There are other, less dramatic ways, that the nocebo effect could have played a role in my father's illness. Perhaps his understanding of disease and negative expectations only exacerbated the neuropathy in his feet or the anxiety for which he had been treated for decades. The recognition that this understanding of his disease could have had any negative effect on his health has far-ranging consequences. The potential danger of the nocebo effect is relevant to debates on informed consent law, patient autonomy as well as medical care for health professionals.
Recent discussions surrounding direct patient access to laboratory results highlight the immediacy of these concerns. An increasing number of healthcare systems provide patients with online access to their test results without the benefit of their physician's interpretation. The volume of medical information available today provides as much of an opportunity for unnecessary anxiety as it does for a patient to practice due diligence. There is an importance to limits on paternalism in medicine. At the same time, the nocebo effect underlines the clear risk of holding on to this medical knowledge.
The volume of medical information available today provides as much of an opportunity for unnecessary anxiety as it does for a patient to practice due diligence.

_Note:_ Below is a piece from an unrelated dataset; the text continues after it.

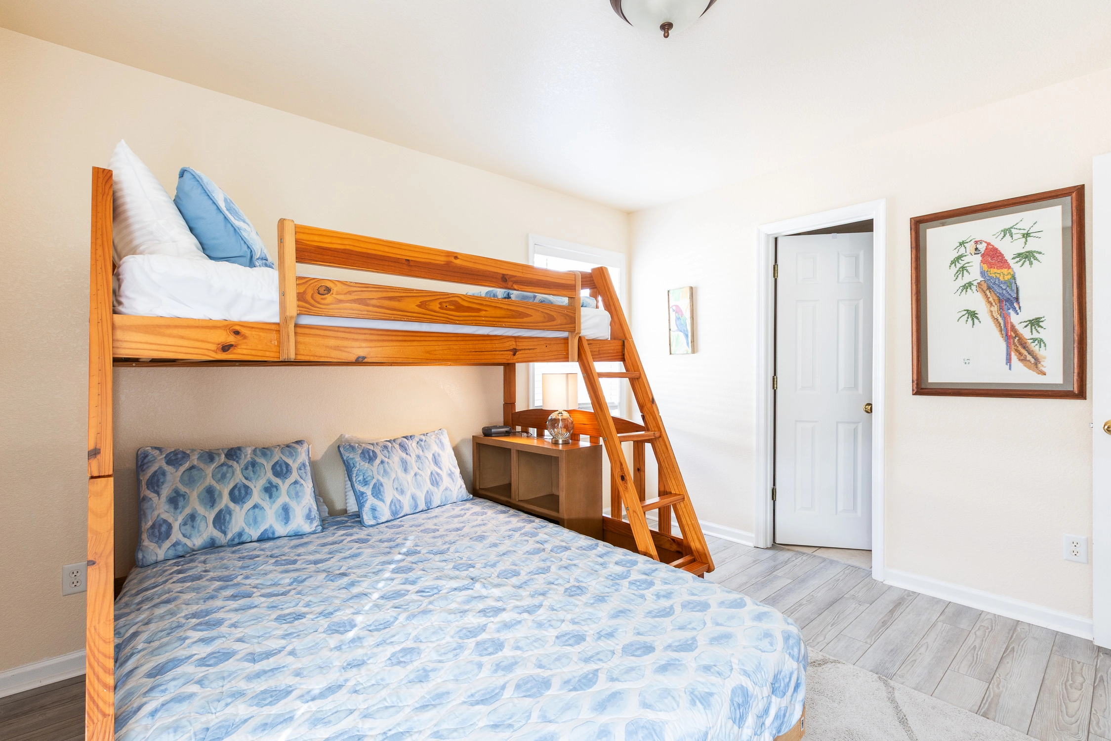 Queen with elevated Twin, Shared bath with Room 2, Standing shower

I now find myself personally weighing those consequences. Recently, I decided to follow in my father's footsteps and pursue a career in medicine. The potential burden of medical knowledge weighs heavy. While Allan's acceptance may have worsened his outcome, I also remember how it brought us together. I had always felt a special connection with my father. In the conversations we had in the months before his death, it only grew stronger. It was in these moments that I found out about his difficult childhood, lonely college experience and passion for caring for others. We even participated in a Storycorps interview, in which I asked him a list of questions on topics ranging from his own decision to go to medical school to "where do you see me in 15 years?"
My father's brother Joel died only a few months after his cancer was discovered. Until the day he died, Joel believed he would survive. Not only did this belief apparently not prolong his life, it also left his family and friends with many difficult, unanswered questions. My dad's acceptance of his disease's biology and his own mortality may have contributed to his average survival. It also provided me with the opportunity to understand him as a person rather than just as a parent. As I consider following in his footsteps, I am comforted by the realization that with this knowledge one can know how to let go.